I really struggled with this one and used previous Community posts to see some example code. I was able to work my way through another student's code, then took a day off, then this is what I came up with without referring back to other posts. My code passed, but I'm concerned my solution is weird lol. Would anyone weigh in!?
class Hand(list):
def __init__(self, num=0, die_class = D20):
self.num = num
super().__init__()
for _ in range(num):
self.append(die_class())
@property
def total(self):
return sum(self)
@classmethod
def roll(cls, num):
return cls(num)
2 Answers
Steven Parker
231,269 PointsRemember, the instructions said, "I don't care how you do it, I only care that it works."
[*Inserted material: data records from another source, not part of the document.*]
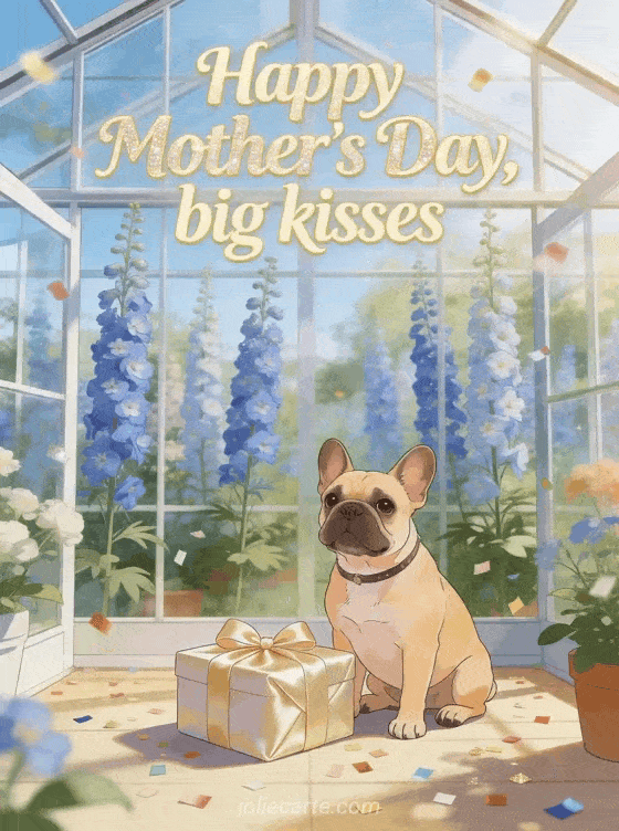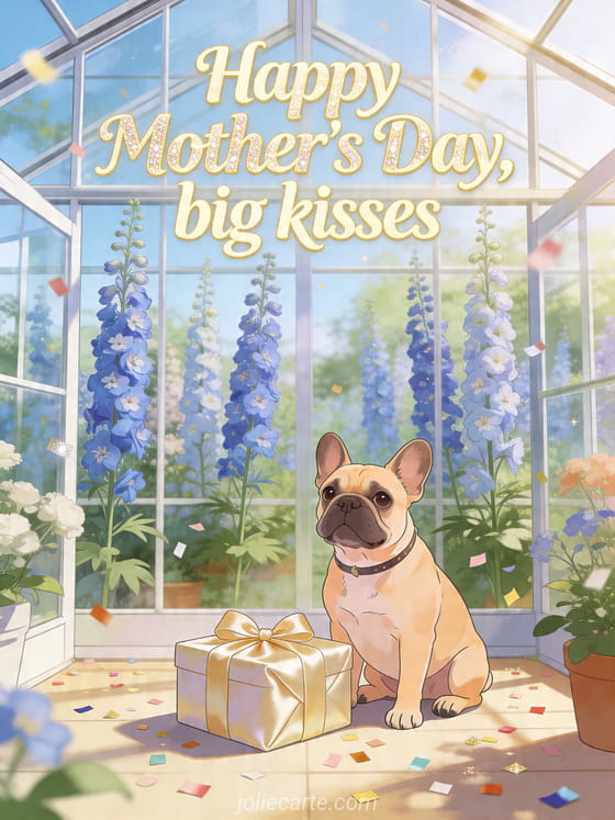 Share a photo for Mother's Day with warm cream lettering, subtle glitter, and a bright greenhouse filled with tall delphiniums. A French bulldog sits beside a satin gift box and scattered confetti in this joyful celebratory card. Discover also rhymes for Mother's Day, kind words for Mother's Day, or Mother's Day happy pictures.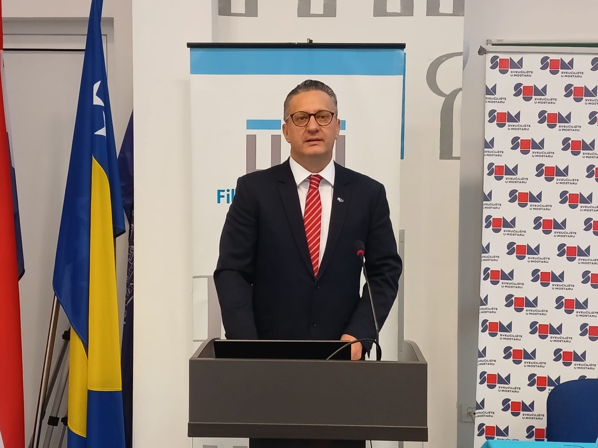 Rektor Sveučilišta u Mostaru prof. dr. sc. Zoran Tomić otvorio je Simpozij i zaželio da bude plodan. „Da nas predstavi kao one koji znaju, ali i mogu. Da se spoznajama izrečenim na Simpoziju oplemeni sveukupni hrvatski identitet i znanost.“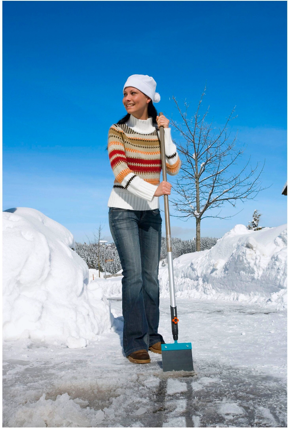 Прочное сменное лезвие из пружинной стали легко удаляет опасную мелкую наледь и плотный снег с поверхностей. Не менее эффективен скребок и для удаления таких загрязнений, как засохшие пятна гудрона или закаменевшая земляная грязь. Скребок GARDENA подходит для всех ручек Комбисистемы.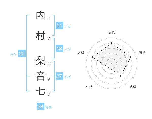 内村 梨音七さんの総格は38画の4点!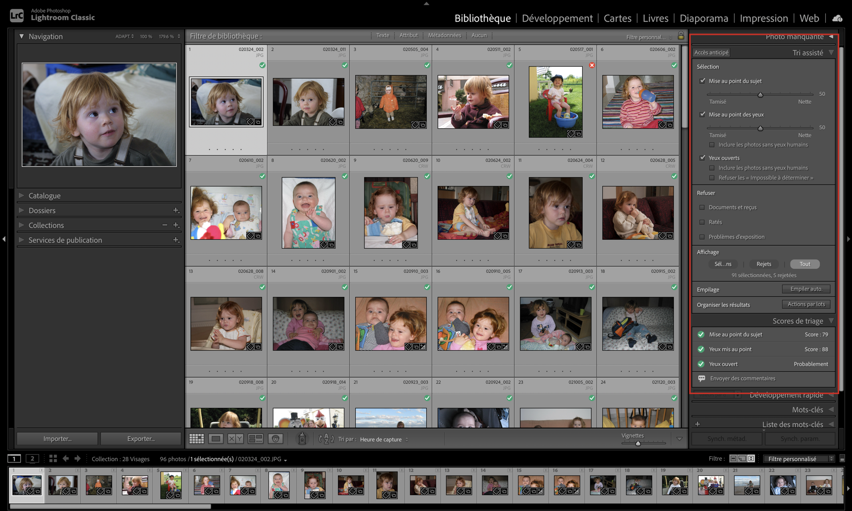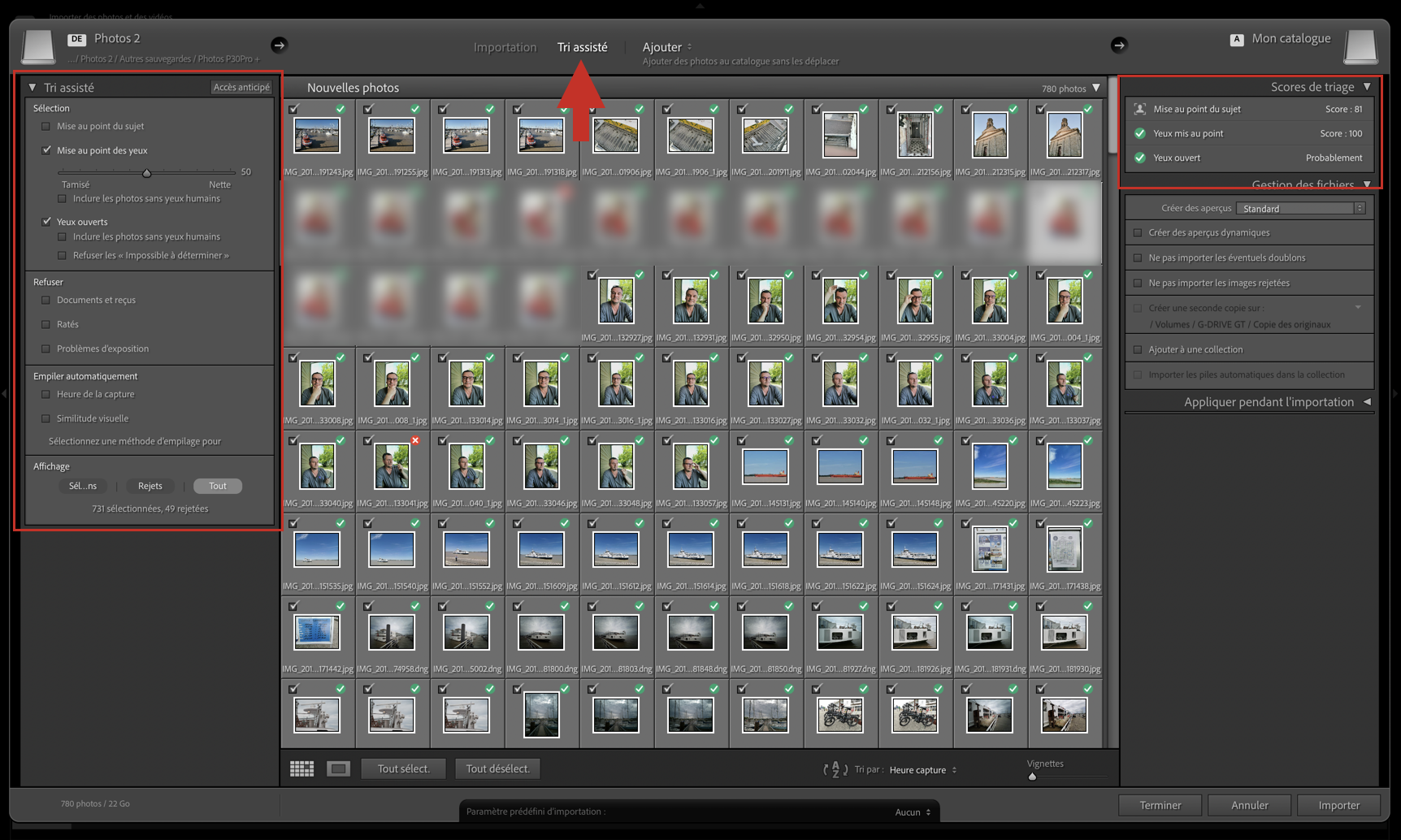 C’est la grosse nouveauté de cette fin d’année, le tri assisté, et il y a deux choses importantes à retenir : d’une part, il s’agit d’une première mouture, en « Accès anticipé », ce qui signifie qu’il s’agit d’un outil encore en phase expérimentale, qui a besoin d’être testé par la masse des utilisateurs et, d’autre part, elle s’adresse en priorité aux photographes portraitistes et d’évènementiel, les outils actuellement disponibles se focalisant sur la mise au point et les yeux des sujets. Bien entendu, certaines fonctions serviront à tous les autres, comme l’empilement automatique d’images similaires, mais photographes animaliers, de paysage et autres, il faudra encore attendre pour disposer d’outils dédiés à vos sujets de prédilection. Cerise sur le gâteau, dans Lightroom Classic, le tri assisté est également intégré au menu Importer ainsi que dans la prise de vue en mode connecté !

I've seen many questions on this specific challenge, and all sorts of different solutions. But generally there's two categories of solution approaches: override __init__
and have a minimal roll
(such as what you did), or put all the new code into roll
. Correctly done, both pass the challenge, and are equally good solutions.
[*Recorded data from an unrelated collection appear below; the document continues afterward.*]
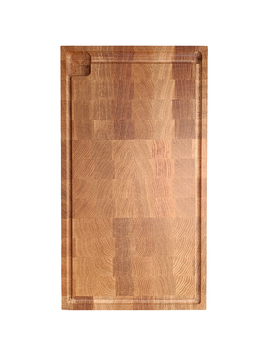 - Besonderheiten: Saftrille, seitliche Griffe, blockverleimt aus Stirnholz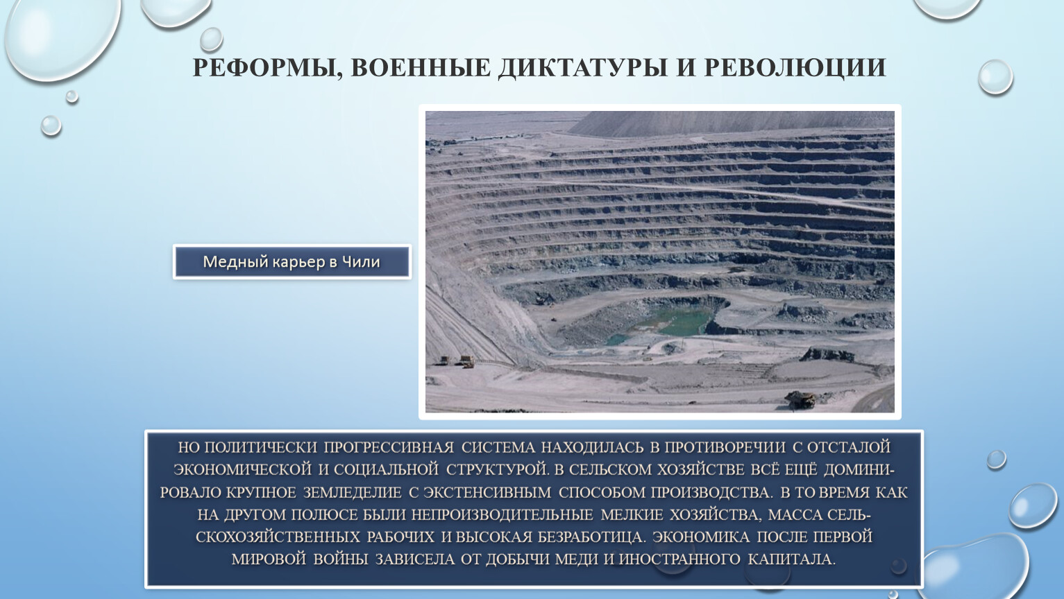 Но политически прогрессивная система находилась в противоречии с отсталой экономической и социальной структурой. В сельском хозяйстве всё ещё домини-ровало крупное земледелие с экстенсивным способом производства. В то время как на другом полюсе были непроизводительные мелкие хозяйства, масса сель-скохозяйственных рабочих и высокая безработица. Экономика после Первой мировой войны зависела от добычи меди и иностранного капитала.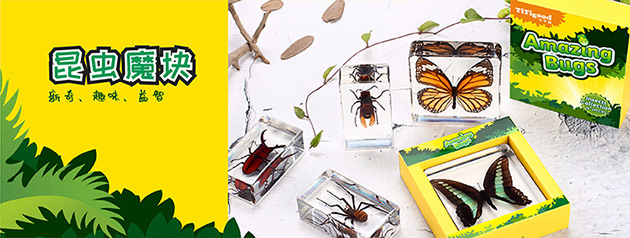 昆蟲魔塊系列產(chǎn)品,是由昆蟲包埋標(biāo)本配套觀察工具組成。標(biāo)本晶瑩通透、精致小巧,昆蟲自然真實、栩栩如生,激發(fā)孩子的無限好奇。通過對昆蟲標(biāo)本的觀察、認知,培養(yǎng)孩子的興趣愛好、觀察能力和探索能力。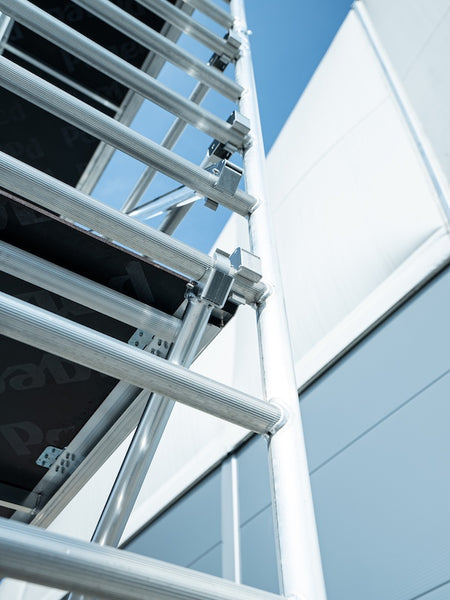 Schneller Aufbau, hohe Stabilität und platzsparende Maße machen dieses Gerüst zur idealen Wahl für professionelle Einsätze.

But if you wanted a little extra practice, you could try solving it the other way.
nicole lumpkin
Courses Plus Student 5,328 PointsHere's my alternate solution(which passed)!! Thanks for challenging me to try!
from dice import D20
class Hand(list):
def __init__(self, res):
super().__init__()
self.extend(res)
@property
def total(self):
return sum(self)
@classmethod
def roll(cls, num, die_class = D20):
res = []
for _ in range(num):
res.append(die_class())
return cls(res)
QUESTION: I wrote another version, one in which if a Hand object were created outside of a class method...
hand = Hand()
...the instantiation of said Hand object would NOT require a res argument(unlike the code above). It seems to work in my IDE but is failing to pass. The reason given was 'Didn't get correct value for hand.total'. Would anyone mind playing around with the code below to see why this is happening!?
class Hand(list):
def __init__(self, res = None):
super().__init__()
try:
self.extend(res)
except TypeError:
self = []
@property
def total(self):
return sum(self)
@classmethod
def roll(cls, num, die_class = D20):
res = []
for _ in range(num):
res.append(die_class())
return cls(res)
Here is me playing around with it and it seems to work.
hand = Hand()
hand.total
Out[198]: 0
hand.extend([1,2,3])
hand.total
Out[200]: 6
Steven Parker
231,269 PointsYou've certainly gotten a lot of good extra practice from this challenge!
nicole lumpkin
Courses Plus Student 5,328 Pointsnicole lumpkin
Courses Plus Student 5,328 PointsThank you Steven, that was just what I was trying to ask!!